Useful for pricing strategy and business planning.

Also calculates change in total sales.

## Cross Price Elasticity: 1.22

Price Relationship: Substitute Goods

### Cross Price Elasticity Calculator: Frequently Asked Questions

#### How Do You Use the Cross Price Elasticity Calculator

Simple - enter the following items:

• Original Price of Product A
• New Price of Product A
• Original Quantity Demand for Product B
• New Quantity Demand for Product B
And hit the calculate button. The tool will calculate the cross price elasticity of demand and evaluate the relationship between the two products.

#### How Do You Calculate Cross Price Elasticity of Demand

We use the standard economics formula for calculating cross elasticity of demand relative to price. This is generally expressed as:
Cross Price Elasticity Formula: ((original + new price of product A ) / (original + new quantity of product B)) * ((change in quantity)/(change in price))

#### What does Positive Cross Price Elasticity Mean?

The products are substitutes; demand for the second good increases when the price of the first good increases.

#### What does Negative Cross Price Elasticity Mean?

The products are potentially complements, goods that are consumed in conjunction with each other. Demand for the second good declines when the price of the first good is increased. This is likely in line demand for the original good, which we expect to decline when prices are raised.

#### What Can Cause Changes in Cross Price Elasticity?

Significant changes in the perceived quality of either product will affect cross price elasticity. For example, consider the competition between premium products and economy offers in consumer packaged goods. Both products service the same fundamental consumer needs. The relative sales between the two will be driven by consumer brand awareness, perceptions of quality, and broader trends in product design.

#### What Can You Do With Cross Elasticity of Demand?

Understanding cross elasticity of demand has significant applications in the fields of pricing and economic policy, particularly trade policy. The availability of substitute products is a major determinant in the ability of a firm to set price. Products that need to compete against substitute products need to have pricing set at levels that support an appropriate market share. Similarly, understanding the degree to which products can be substituted by another national is a powerful indicator of the consequences of trade policies and likely responses. Products without viable substitutes can be sold at higher prices since cross elasticity of demand is less of a factor in determining their market share.

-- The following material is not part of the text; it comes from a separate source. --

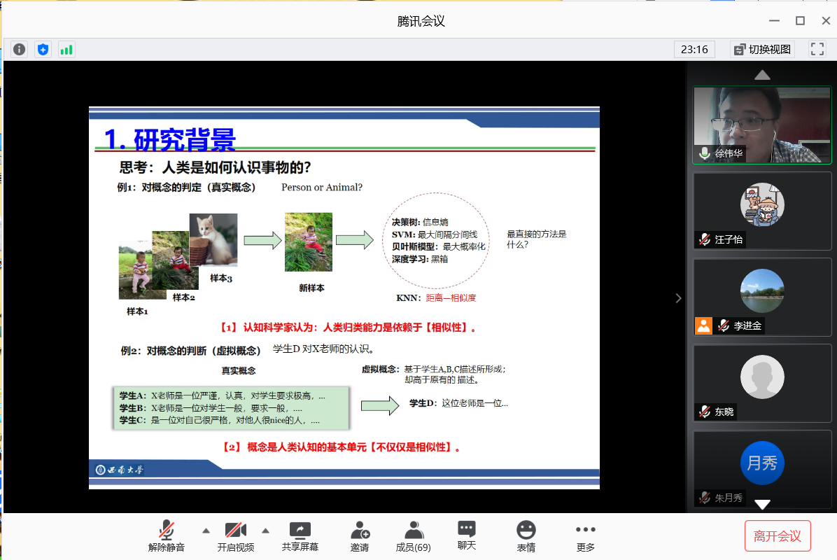 邀请,6月27日上午,西南大学徐伟华教授在腾讯会议作了《概念认知学习的粒计算机理及其最新研究进展》的报告。相关师生聆听了此次报告,报告由李进金教授主持。

Identifying complementary goods is similarly useful in that you can set pricing in anticipation of future business. This is especially powerful when you're looking at opportunities to bundle complementary goods and services to a buyer who is particularly sensitive to certain items. For example, many buyers are price sensitive to the upfront cost of installing a piece of manufacturing equipment. Each of these platforms usually has a set of complementary products and services that will be pulled along by the initial purchasing decision: parts, accessories, maintenance services, consumable products, and financing. Bundle pricing can be used to get aggressive on the initial quote (the capital investment decision) and generate the bulk of your profits from the ongoing purchases required to maintain and operate that equipment.